I woke up this morning to the news that the band, The White Stripes, had broken up. Sad, but hardly surprising when you consider that the band's helmsman, Jack White, has been pursuing his own projects for the better part of the past decade sans Meg. Sad, nonetheless.
I've always enjoyed The White Stripes. At their best they were a remarkable duo because they managed to successfully allow the great sound they produced to not override their weird- and sometimes creepy - personalities. It's a very tricky thing to accomplish in popular music where image is everything. Right, Phil Spector?
So, in honour of the demise of The Stripes Blanche, I am going to come clean on the ten weirdest things I have ever done. And, let me state for the record, I didn't have to dig too deep to come up with just ten.
1. I once took on an assignment to write a review of a DVD entitled, The NASA Missions: Volume 1. It was 9 hours in length. I sat through 2 and a half before I realized that I was losing my will to live and would rather be stuck in a capsule with Yakov Smirnoff headed to Mars than write the damn review. I still have the DVD if anyone wishes to borrow it.
2. I once argued with Danny DeVito over why he couldn't bring a rum and coke into one of Canada's most esteemed concert halls. It didn't go over well.

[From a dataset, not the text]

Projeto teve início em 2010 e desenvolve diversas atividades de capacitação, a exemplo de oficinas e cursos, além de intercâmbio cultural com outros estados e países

3. I practiced squatting with a dozen women - all of us 9 months pregnant - in the basement of a church on Bloor Street. At one point the instructor asked us all to moan from "the bottom of our throats" and the sound made me feel ashamed to be female. If I ever want to get in touch with a feeling of instant humiliation, I will conjure up this sound again.
4. I walked backwards from work one night just to see what it felt like. It was a two mile hike from my place of work to home and, near the end, I tripped over what I think was a cat. Rather than stop my experiment right then and there, I continued on my journey until I reached my apartment. Yeah. I did.

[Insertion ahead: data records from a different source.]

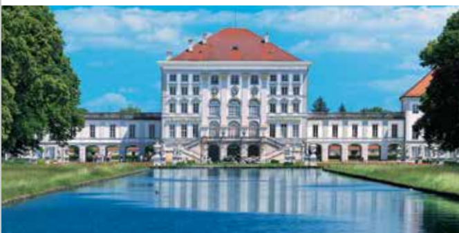
Il Castello di Nymphenburg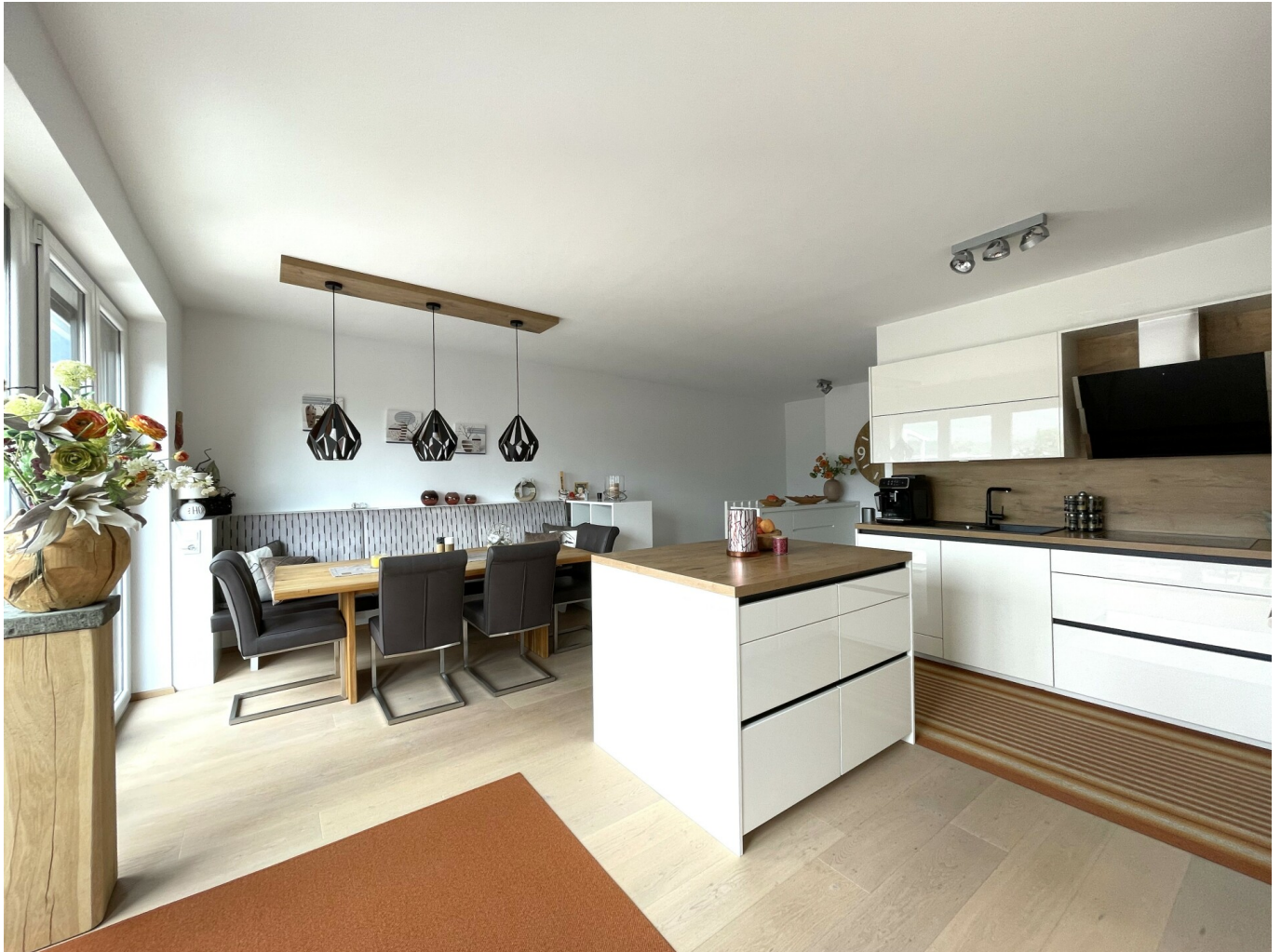
Dachgeschoss: Küche / Essbereich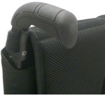
XFF 030201 Rączki do prowadzenia z długą rękojeścią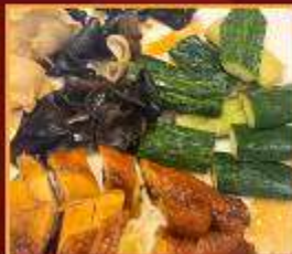
ไก่ แดงกวา เห็ดหูหนู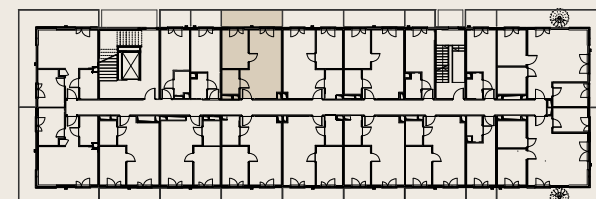
Rzut kondygnacji - piętro 2 - budynek B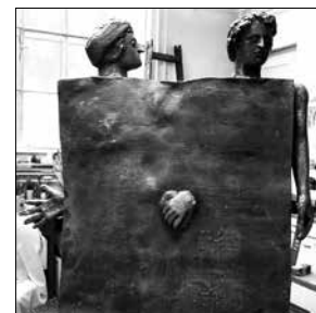
Balás Eszter: Dante és Vergilius

5. I once plunged a stuck toilet with a plastic garbage bag wrapped around my foot. It actually worked. I don't, however, recommend you try it home. Very messy.
6. I once watched my soon-to-be husband (though I didn't know it at the time) perform "surgery" on my roommate's cat with a safety pin. The cat never fussed and miraculously recovered. (N.B. I was never sure if this actually happened - a great deal of extracurricular liquids were involved - but my now-husband assures me that it did.)

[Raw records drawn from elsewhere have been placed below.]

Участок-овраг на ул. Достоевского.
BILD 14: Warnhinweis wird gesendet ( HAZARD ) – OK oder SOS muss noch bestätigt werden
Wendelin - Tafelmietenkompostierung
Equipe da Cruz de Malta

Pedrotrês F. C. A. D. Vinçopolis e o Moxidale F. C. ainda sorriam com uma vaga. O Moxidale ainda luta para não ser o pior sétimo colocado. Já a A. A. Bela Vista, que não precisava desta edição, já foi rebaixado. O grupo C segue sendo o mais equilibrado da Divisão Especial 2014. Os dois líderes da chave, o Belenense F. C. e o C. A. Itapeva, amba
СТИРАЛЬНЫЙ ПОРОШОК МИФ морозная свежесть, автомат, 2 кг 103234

7. I was obsessed with eating dirt for about a week while I was pregnant. When I told my doctor about it he told me to go home and lick a potato. It worked.
8. I once bought a Richard Simmons: Jazzercize! record at a garage sale because the look he had on his face on the cover radiated pure joy. It spoke to me. The lady I bought it from felt so sorry for me that she threw in a set of 3 pound weights for free. I still have them. The weights, not the record.
9. I let my daughter cut my hair. She got bored halfway through and stopped. Nobody noticed the change.
10. I once sat with a crazy lady on the subway who convinced me that the Eiffel tower had blown up that morning. When she got off I asked a sane gentleman if her info was correct. When he refused to answer me I skipped my class in order to get to the bottom of the situation. In my defense, this was years before the internet.
Damn, I just realized that I could go on for days. Long live the White Stripes!